Make an exact copy of the entries below and leave any picture out of it.

Records drawn from a dataset:
-- Opening Marker --

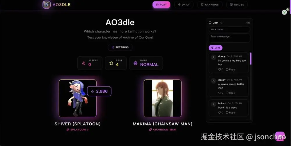 AO3dle 是一款灵感来自 Wordle 的每日猜谜游戏,玩家需要根据各种线索猜出 Archive of Our Own ( AO3 )上的神秘同人文作品。游戏中会展示两个来自动漫、游戏或流行文化的角色,玩家需要猜测哪个角色在互联网上拥有更高的人气值,猜对即可继续连胜。
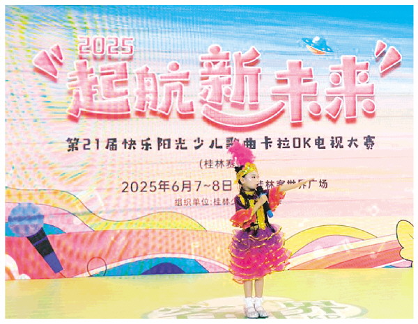 近日,由桂林少儿艺术学会主办的2025“起航新未来”第21届快乐阳光少儿歌曲卡拉ok电视大赛(桂林赛区)比赛在七星区客世界拉开帷幕。近百位“小小百灵鸟”同台竞技,以歌会友,展现出新时代少年儿童蓬勃向上的风貌。 记者韦莎妮娜 摄
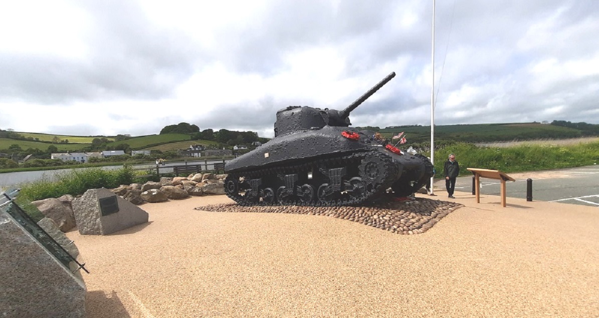 The rehearsal involved both American and British forces of both the army and the navies. Unbeknown to the naval ships, a flotilla of German E-boats based in Cherbourg got curious about the activity and very soon got amongst the US landing craft. Two US landing craft were sunk with a huge loss of life. The memorial is in the form of a US tank dredged up from offshore along the beach. Several more tanks and vehicles still sit on the seabed a few hundred yards from the beach.
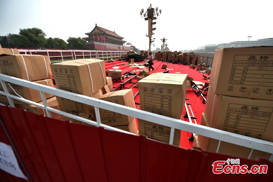 Workers build temporary platforms for people to watch a military parade from on September 3 on the flanks of Tiananmen Tower at the north of Tiananmen Square in Beijing, Aug 11, 2015. The tower is closed as an entrance to the Forbidden City during construction. China is marking the 70th anniversary of victory in the Chinese People's War of Resistance Against Japanese Aggression (1937-1945). (Photo: China News Service/Jin Shuo)
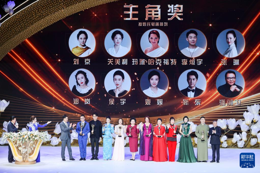 2月27日,表演嘉宾和获奖演员合唱《白玉兰之歌》。
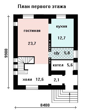Дом имеет очень удобную продуманную планировку. На первом этаже разместился просторный двухсветный холл, плавно перетекающий в помещение гостиной. Гостиная соединена арочным проёмом с кухней. Вход в помещение котельной выполнен со стороны улицы.

-- Closing Marker --

WORKED SOLUTION:
 AO3dle 是一款灵感来自 Wordle 的每日猜谜游戏,玩家需要根据各种线索猜出 Archive of Our Own ( AO3 )上的神秘同人文作品。游戏中会展示两个来自动漫、游戏或流行文化的角色,玩家需要猜测哪个角色在互联网上拥有更高的人气值,猜对即可继续连胜。
 近日,由桂林少儿艺术学会主办的2025“起航新未来”第21届快乐阳光少儿歌曲卡拉ok电视大赛(桂林赛区)比赛在七星区客世界拉开帷幕。近百位“小小百灵鸟”同台竞技,以歌会友,展现出新时代少年儿童蓬勃向上的风貌。 记者韦莎妮娜 摄
 The rehearsal involved both American and British forces of both the army and the navies. Unbeknown to the naval ships, a flotilla of German E-boats based in Cherbourg got curious about the activity and very soon got amongst the US landing craft. Two US landing craft were sunk with a huge loss of life. The memorial is in the form of a US tank dredged up from offshore along the beach. Several more tanks and vehicles still sit on the seabed a few hundred yards from the beach.
 Workers build temporary platforms for people to watch a military parade from on September 3 on the flanks of Tiananmen Tower at the north of Tiananmen Square in Beijing, Aug 11, 2015. The tower is closed as an entrance to the Forbidden City during construction. China is marking the 70th anniversary of victory in the Chinese People's War of Resistance Against Japanese Aggression (1937-1945). (Photo: China News Service/Jin Shuo)
 2月27日,表演嘉宾和获奖演员合唱《白玉兰之歌》。
Дом имеет очень удобную продуманную планировку. На первом этаже разместился просторный двухсветный холл, плавно перетекающий в помещение гостиной. Гостиная соединена арочным проёмом с кухней. Вход в помещение котельной выполнен со стороны улицы.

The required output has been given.